What you need to do>
Copy the records below exactly, starting at the line that contains "Bits of the" and ending at the line that contains "Picture 30 –"; leave out any pictures.
*** Input material Section Begins ***
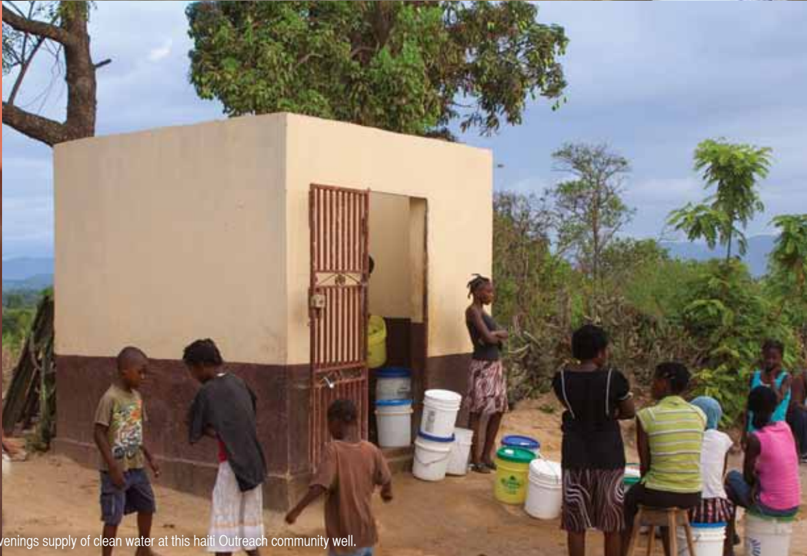
(Bottom): Buckets and people are lined up to get the evenings supply of clean water at this Haiti Outreach community well.
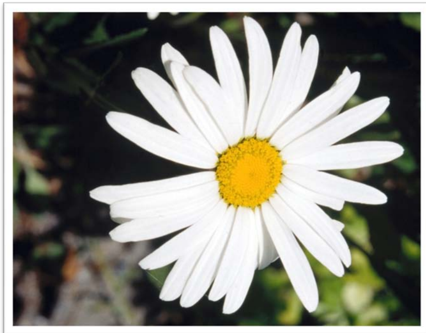
A White Daisy
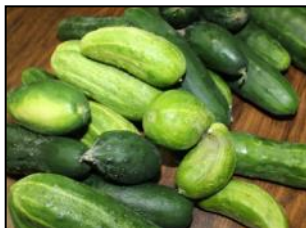
A salad made of fresh cucumbers from Pleasant Day garden, along with tomatoes, onion, and salad dressing were served every Monday in August for participants.
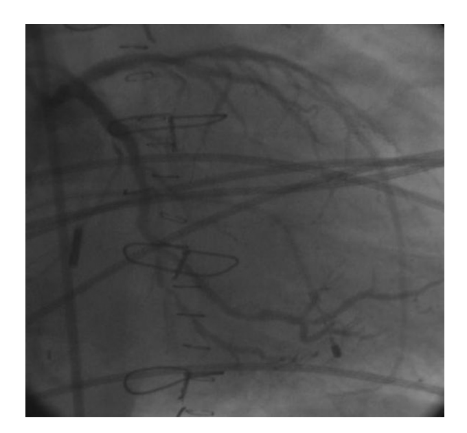
Figure 3. PCI of LMCA, proximal LAD and proximal circumflex.

condition with blood pressure at 90/60 mm Hg, and an acceptable diuresis of 35–40 cc/hour. PCI was delayed due to the critical hemodynamic status, nevertheless it was successfully performed 18 hours later. It consisted of LMCA, proximal LAD, and proximal circumflex angioplasty/stenting (Fig. 3) using T-stenting technique (Everolimus drug eluting stents) with end kissing balloon angioplasty. Over the next 48 hours, the patient's hemodynamic condition progressively improved and stabilized, positive inotropic drugs were progressively withdrawn, intra aortic balloon was removed, and the patient
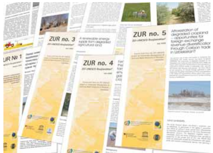
Recent ZUR issues
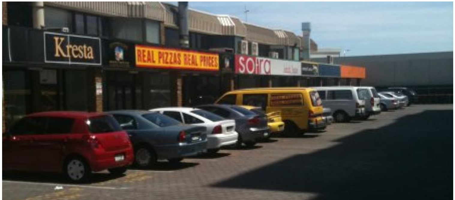
7, 60 West Terrace, Adelaide
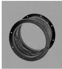
ACOP Round flexible flanged connectors
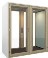
Solid - MFC
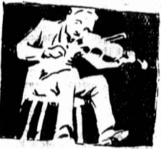
GRAND SACRED CONCERT

With the best horses from Maine and each of the Maritime Provinces entered. Sept. 2, 3, 4. Trotting, pacing and running races.
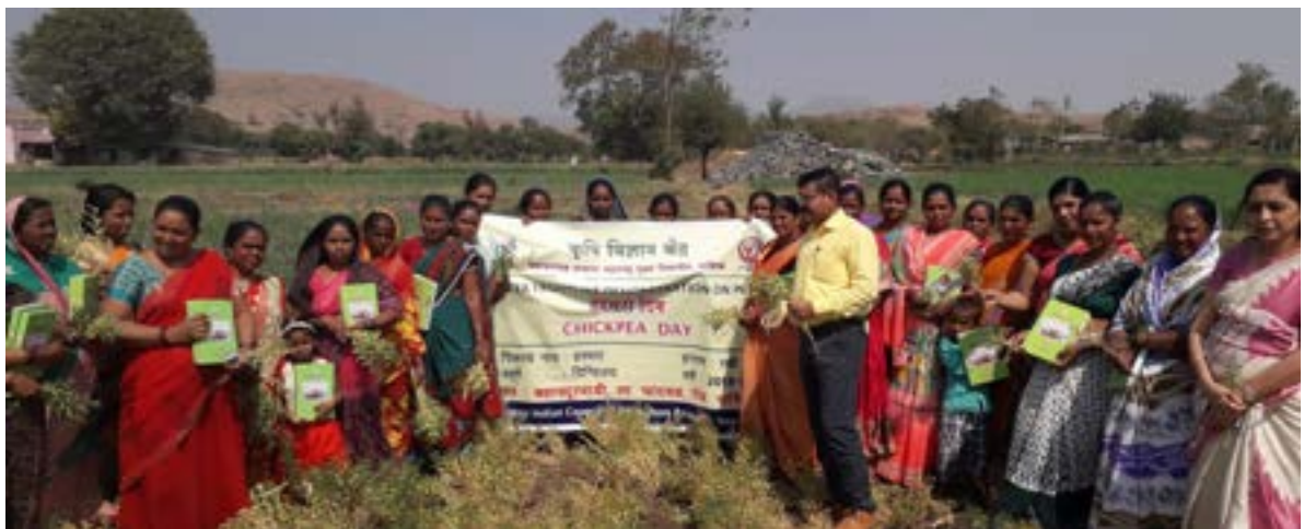
Celebration of field day of chickpea CFLD in village, Bahadurwadi Tal. Chandwad
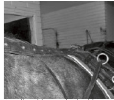
An adjustable overcheck with stopper mechanism.

Bits of the type often referred to as Crit Davis bits are allowed. They shall have rounded profiles. When fitted with a plate, this should be smooth, homogeneous and have a maximum length of 35 millimetres.
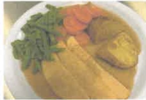
Roast Quorn Fillet, served with Roast Potatoes, Carrots and Green Beans
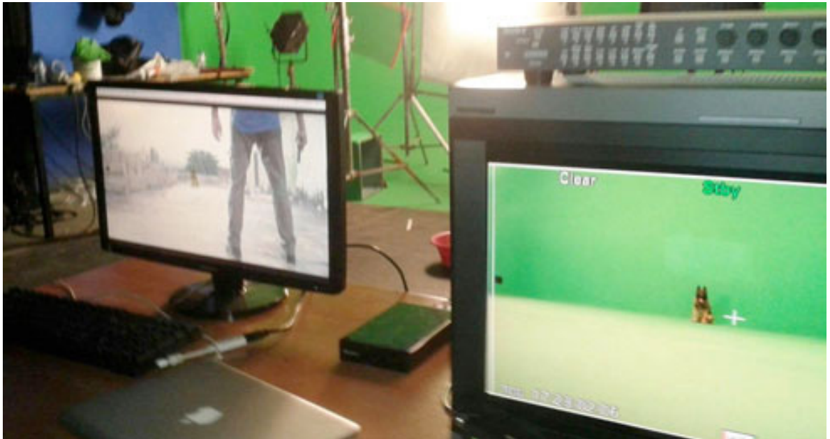
Picture 30 – a picture of the work being developed at the studio recording the dogs in Chroma Key to then introduce in the images collected in Africa.
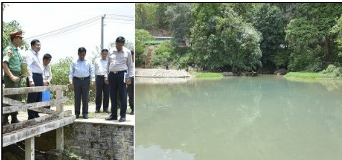
SAC Chairman Prime Minister inspecting the conservation of the spring at Hopong Yayhtwetgyi in Hopong
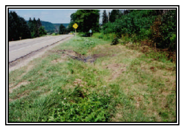
Figure 3: Final rest area of the Ford.
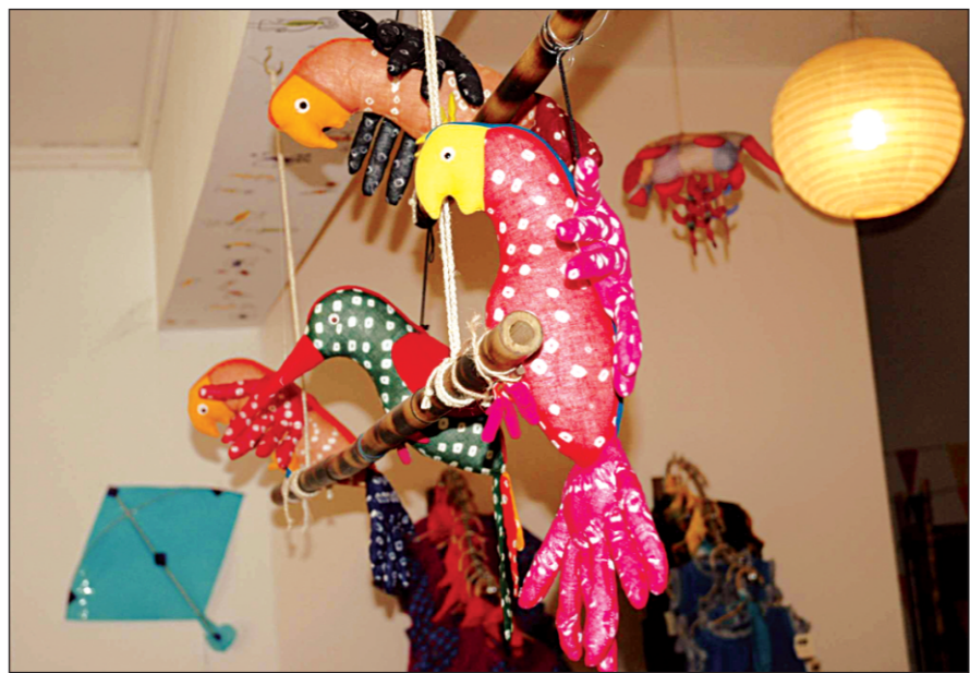
Gift items available at different stores in the city

Meanwhile at Karupalli, a government-owned organisation, Eid sales are picking up.
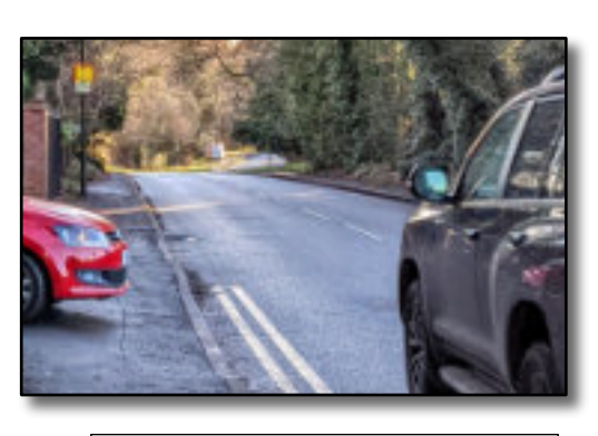
Cokes Lane, above, heading towards Harewood Road, where the new MVAS clearly shows a driver totally ignoring the warning to SLOW DOWN!

• a total of 5,719 vehicles were recorded travelling towards the White Lion Road, of which 15.7% were travelling at 35-50 mph;
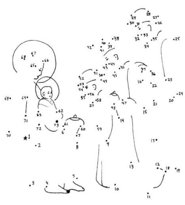
The feast of the Epiphany of Our Lord is a special part of the Christmas season! What are we celebrating on this feast?
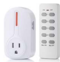
Remote Control Outlets
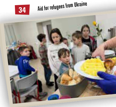
Aid for refugees from Ukraine
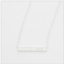
Lily Bar Necklace $65
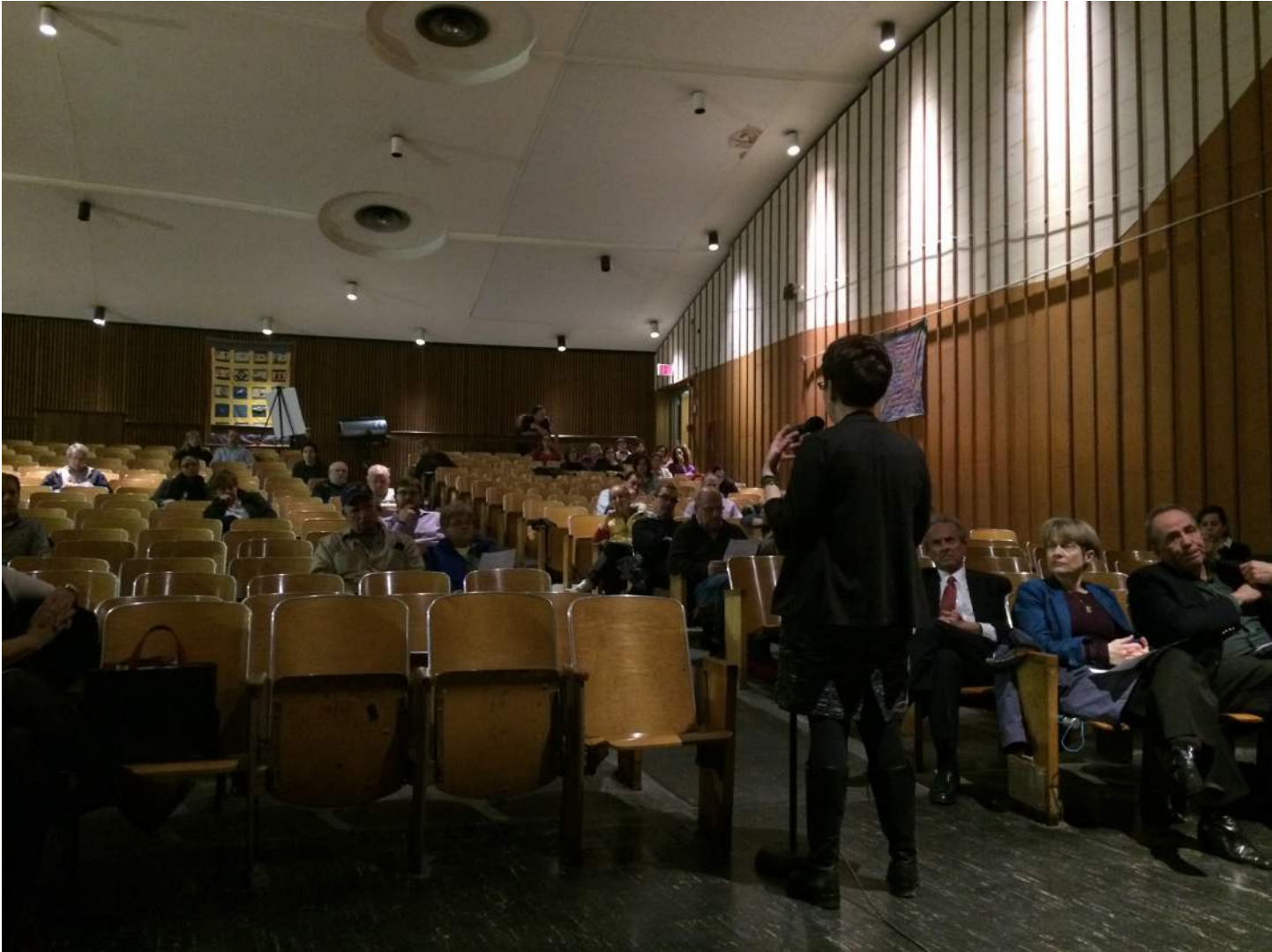
03/26/2015 KOCUSCC COMMUNITY MEETING #2
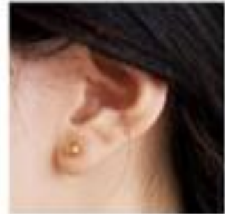
Small plain single stud in ear lobe
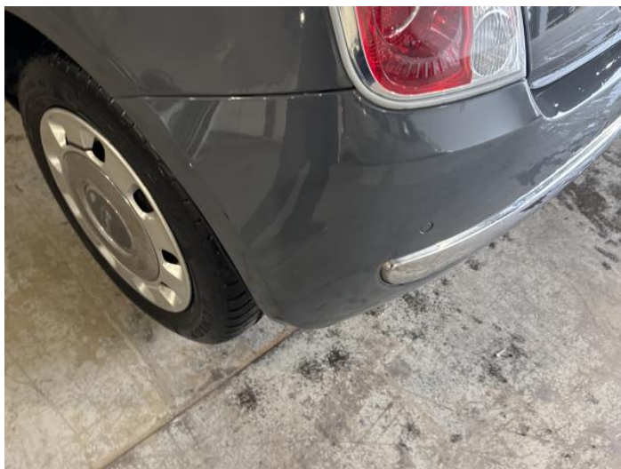
1: Bumper Rear Scratched Up To 25mm Thru Paint
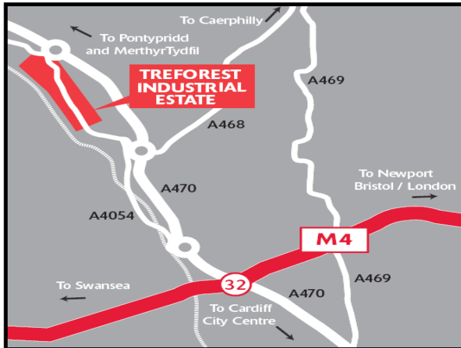
Not to scale – for identification purposes only
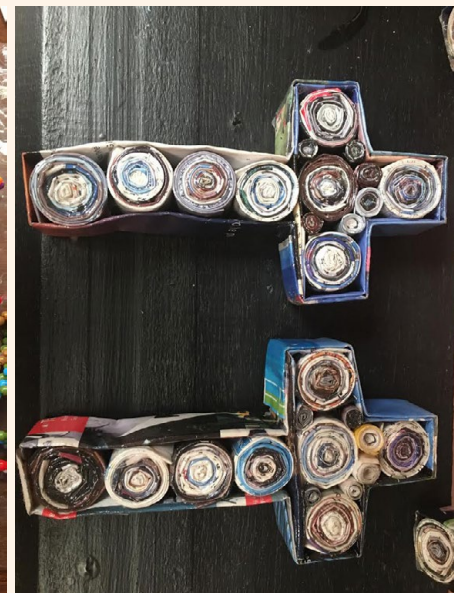
crosses from crafts
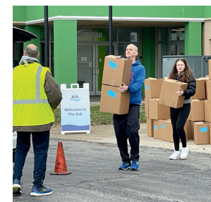
Volunteers organize kosher food at The Ark warehouse

and F.R.E.E. Synagogue, we proudly resumed hosting bimonthly opportunities for dozens of clients to come together, share a meal, and take home a packaged lunch for the next day.
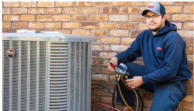
TUNED UP: An Aero Energy technician performs regular maintenance on an outdoor HVAC system to help improve its efficiency.

Next, we recommend making strategic adjustments to your thermostat throughout the day. Lowering the temperature while you're asleep or away from home can have a significant impact on your bill. For those interested in automating this process, there are smart thermostats
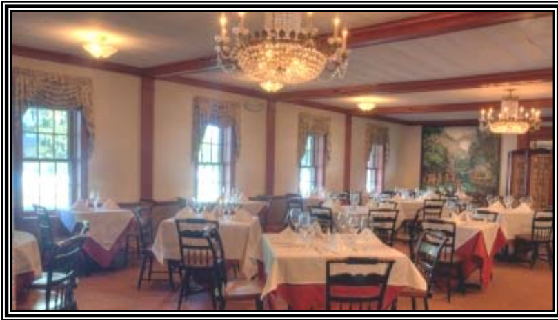
The Dining Room at Robert Morris Inn

Our function will include either a guest speaker, knowledgeable of the history of the tavern and village, or we will enjoy colonial music performed by a local musician who specializes in music of the period. We will adjourn by approximately 2:30 p.m., in time to enjoy other activities and sites in the area. A short list of nearby attractions and activities is presented on page 7. Attendees also may wish to check the internet for more activities in the area. The Inn is present on the internet at www.robertmorrisinn.com , where details about the Inn's other activities may be found.
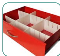
(1) Basic 6" Drawer Divider (MD30-DIV6-B)
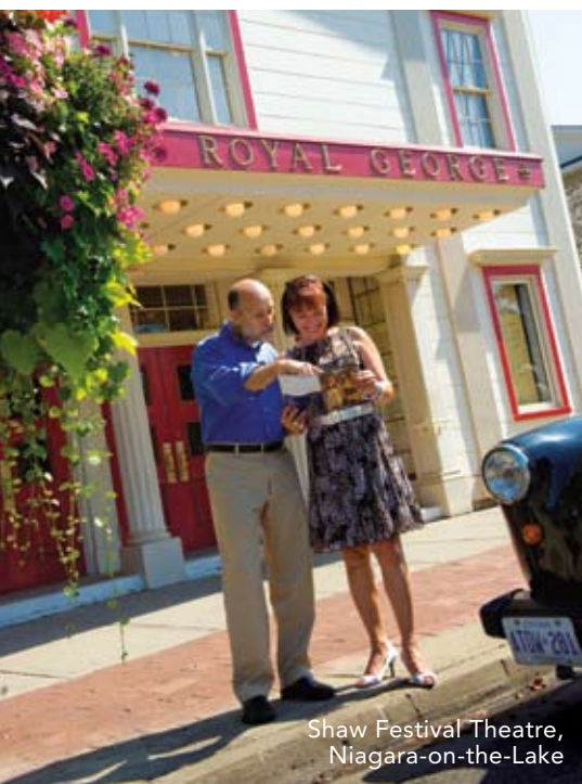
Shaw Festival Theatre, Niagara-on-the-Lake
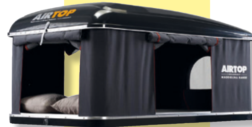
Air Top Maggiolina. The first automatic opening roof top tent of Autohome

The quality of the room should not be limited to sealing criteria. It has to be optimal in terms of ventilation to avoid the effect of condensation. Ergonomics and design of openings and air vents are critical! As well as their number and arrangement. Unless you cut in a special membrane (and expensive! ) As Goretex , the fabric of a single-walled tent is never completely breathable . So if the weather conditions are not favorable , the condensation is almost inevitable unless effective openings or VMC (mechanically controlled ventilation) are available as are found on boats or tents James Baroud . For a vent or a door to be truly effective, they must overcome beings mini awning (or awning protection). This protection prevents hearing or opens up the door even in heavy rain. "Traditional" tents used by hikers and climbers are all equipped with the famous awnings protections. It does not apply to
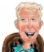
"Oldies Are Now"

Think Local-Shop Local-Advertise Local Serving The Hudson Valley Region Advertise on Internet Radio Rates as low as $1.00 per day
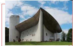
NOTRE DAME DU HAUT
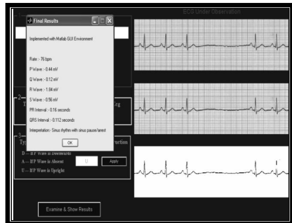
Fig 5: An ECG sample analysis and analysis result

The analysis of sample in Figure 5 shows that the patient will be suffering from Sinus Rhythm with Sinus Arrest . The parameters are tabulated in Table 1
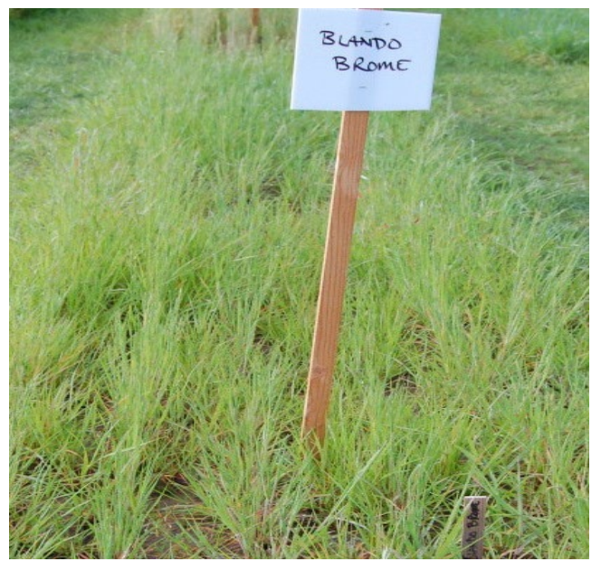
'Blando' soft brome, Lockeford PMC.
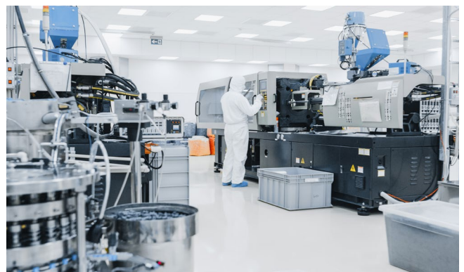
Additive manufacturing lab. Additive Engineers work with 3D printing technologies to produce new and creative objects.

Images in this document have been supplied by Manufacturing Skills Queensland and industry partners. Additional images have been sourced through Adobe Stock or generated using Adobe and Google AI software. Design layout by Liveworm, Queensland College of Art and Design, Griffith University.
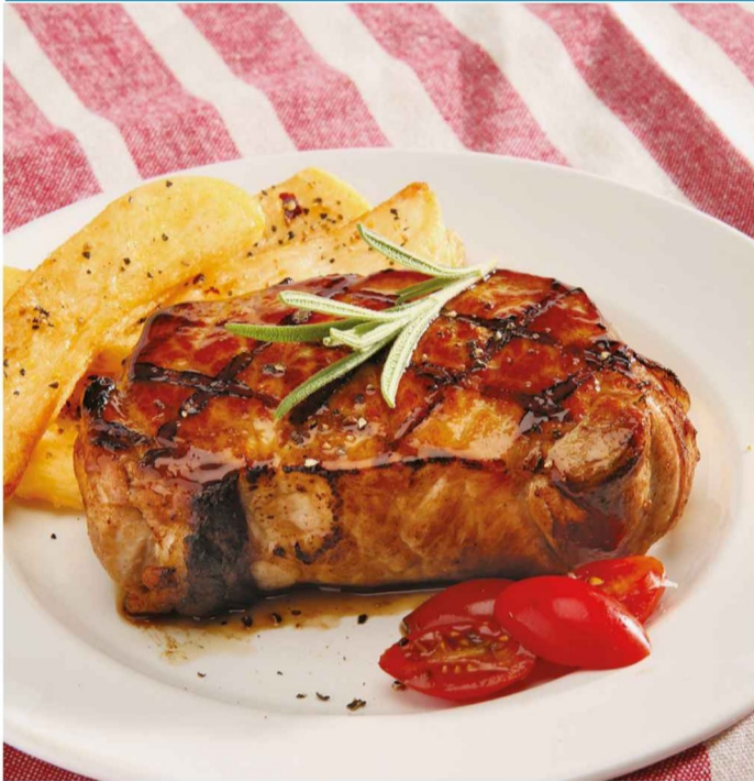
Family Pack Boneless Pork Chops

Pricing: We price product at cost and add 10% at the checkout. Cost is getting product from the warehouse, labor, and overhead to our shelves. Compare our prices and save.
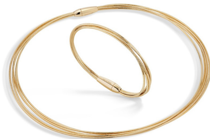
DNA Spring silver necklace and bracelet in a golden yellow shade.
*** Input material Section Ends ***
Written answer>
Bits of the type often referred to as Crit Davis bits are allowed. They shall have rounded profiles. When fitted with a plate, this should be smooth, homogeneous and have a maximum length of 35 millimetres.
Roast Quorn Fillet, served with Roast Potatoes, Carrots and Green Beans
Picture 30 – a picture of the work being developed at the studio recording the dogs in Chroma Key to then introduce in the images collected in Africa.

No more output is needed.